Impact Learning: A Learning Method from Features Impact and Competition
Nusrat Jahan Prottasha, Saydul Akbar Murad, Abu Jafar Md Muzahid,, Masud Rana, Md Kowsher, Apurba Adhikary, Sujit Biswas, Anupam Kumar Bairagi

TL;DR
Impact Learning is a novel supervised machine learning algorithm that leverages feature impact and competition effects, demonstrating superior performance in classification and regression tasks involving competitive data.
Contribution
The paper introduces Impact Learning, a new algorithm that learns from feature impacts and competition effects, enhancing analysis of competitive datasets.
Findings
Impact Learning outperforms conventional algorithms.
Effective in classification and regression tasks.

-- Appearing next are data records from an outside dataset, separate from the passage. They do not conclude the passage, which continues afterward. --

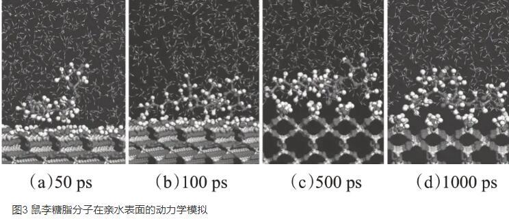 圖3鼠李糖脂分子在親水表面的動力學模擬
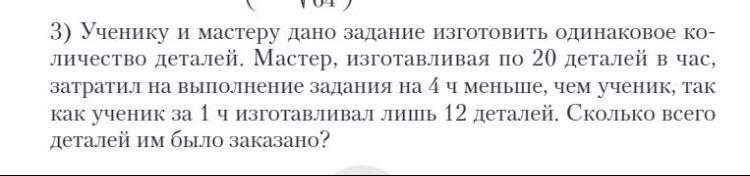 Пускай x - время, которое затратил ученик на выполнение задания. Если мастер затратил на задание на 4 ч меньше чем ученик, значит можем написать что x-4 - время, которое затратил мастер.
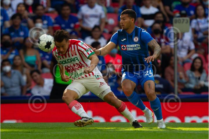 CIUDAD DE MÉXICO, 07MAYO2022.- Partido de fútbol correspondiente al repechaje del torneo Clausura 2022 “Grita por la Paz” de la Liga MX entre Cruz Azul vs Necaxa en el Estadio Azteca. FOTO: EDGAR NEGRETE/CUARTOSCURO.COM
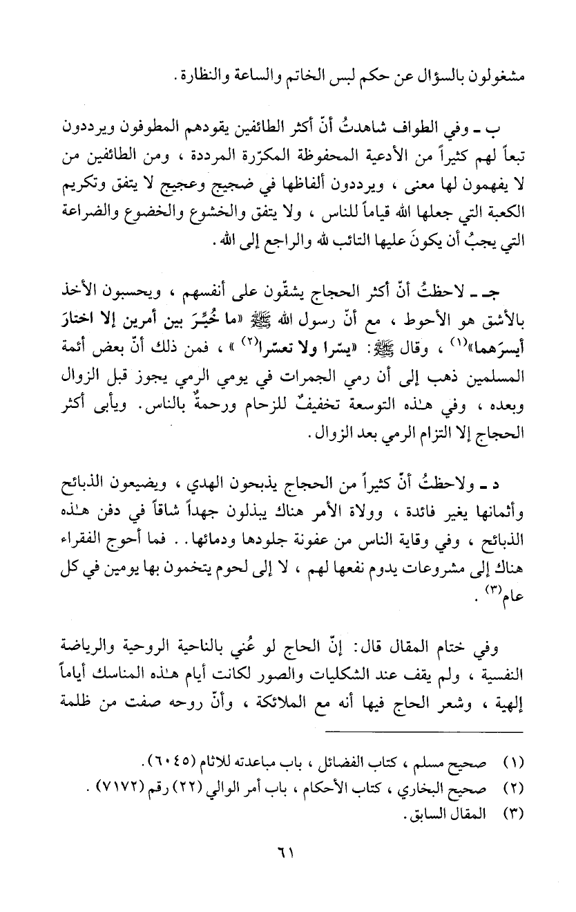 ب - لاحظتُ أنّ أكثر الحجاج يشقّون على أنفسهم، ويحسبون الأخذ
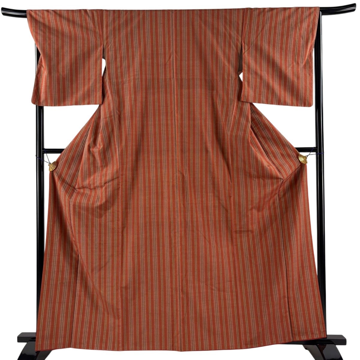 道中着 身丈95cm 裄丈68cm L 和装コート 斜縞 赤茶 正絹 秀品
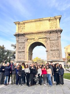 Nel pomeriggio di sabato, gli studenti del Liceo Artistico “Giuseppe Alberti”, guidato dalla Dirigente Silvia Vinciguerra, hanno portato l’arte nel cuore di Benevento. L’istituto, che da quest’anno comprende appunto anche il Liceo Artistico di via Tiengo e il Liceo Classico e Scientifico di San Giorgio del Sannio, ha scelto come scenario per l’evento il simbolo più rappresentativo del territorio beneventano: l’Arco di Traiano.
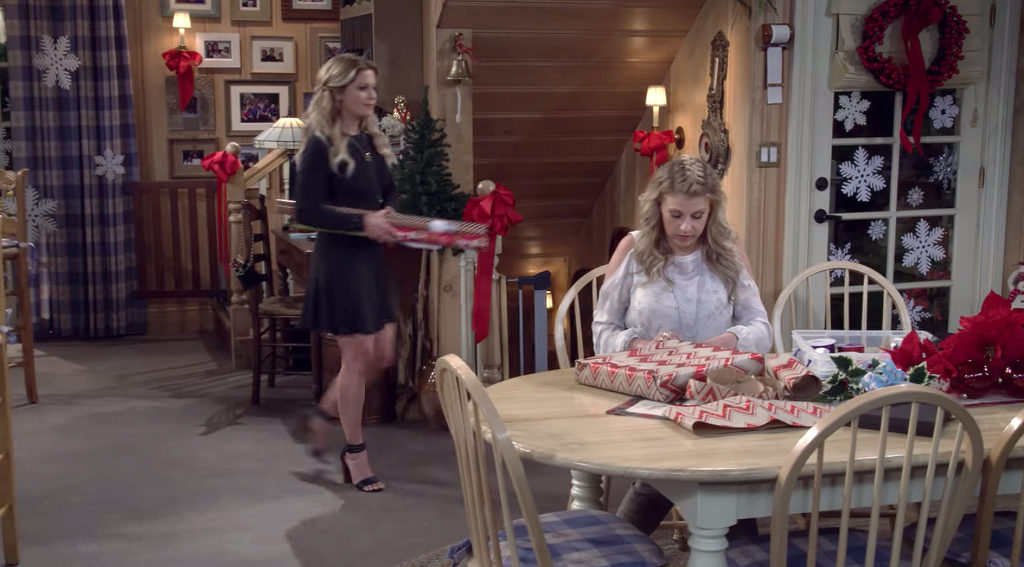 We get our warm, cozy Fuller House feeling as we see our favorite characters in the warmth of Christmas cheer. Our episode wraps up with everyone in matching family Christmas pajamas and there is lots of the best gift ever in the air: love.
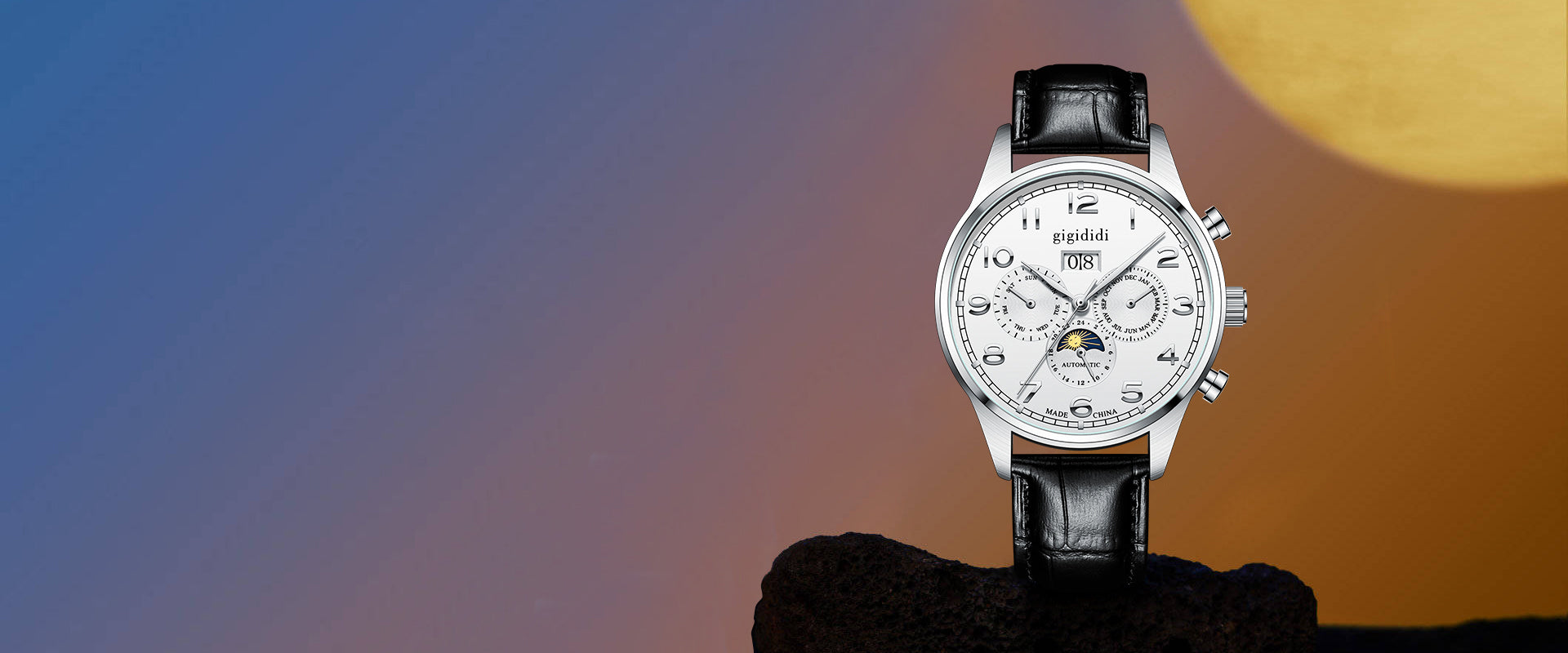 Gigididi 43mm Automatic Men's Watch Date Day Month Year Gold Dial Multifunction 316L Leather Strap Polished Case Day Night New
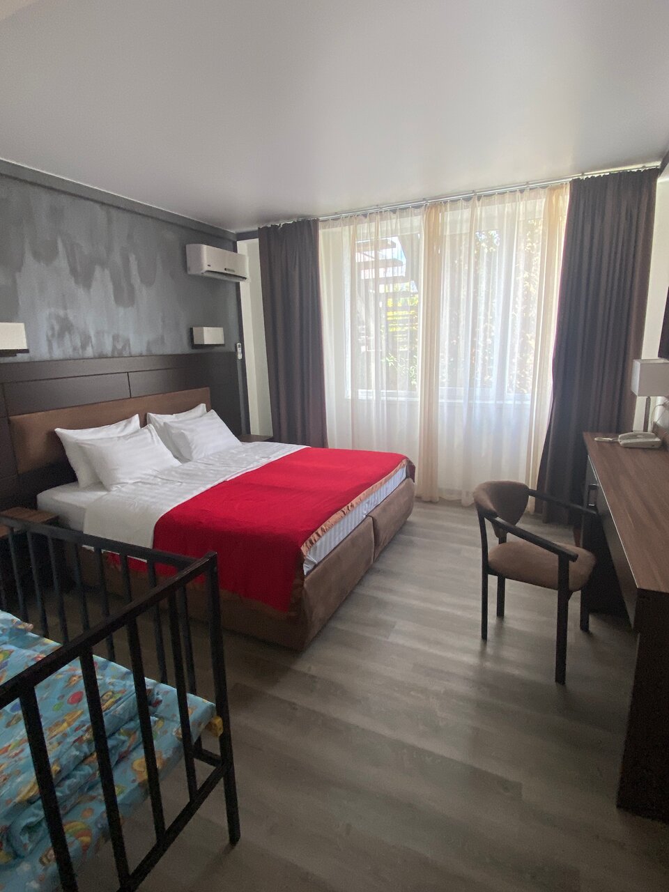 Отличный отель! Отдыхаем уже пятый год. Чудесный персонал. Достаточно вкусная еда. Соответствует своей цене. Уборка в номере каждый день. На территории отличный бассейн. Много развлечений для детей. Хороший ресторан вечером. Развлекательной программы хотелось бы больше, но отель позиционирует себя как Семейный, поэтому все только до 23.00. Бар с вкусными коктейлями и прекрасными барменами работает круглосуточно. Есть своя система скидок. Рекомендую 100%

Utilizes intrinsic natural increase rate effects.
Abstract
Machine learning is the study of computer algorithms that can automatically improve based on data and experience. Machine learning algorithms build a model from sample data, called training data, to make predictions or judgments without being explicitly programmed to do so. A variety of wellknown machine learning algorithms have been developed for use in the field of computer science to analyze data. This paper introduced a new machine learning algorithm called impact learning. Impact learning is a supervised learning algorithm that can be consolidated in both classification and regression problems. It can furthermore manifest its superiority in analyzing competitive data. This algorithm is remarkable for learning from the competitive situation and the competition comes from the effects of autonomous features. It is prepared by the impacts of the highlights from the intrinsic rate of…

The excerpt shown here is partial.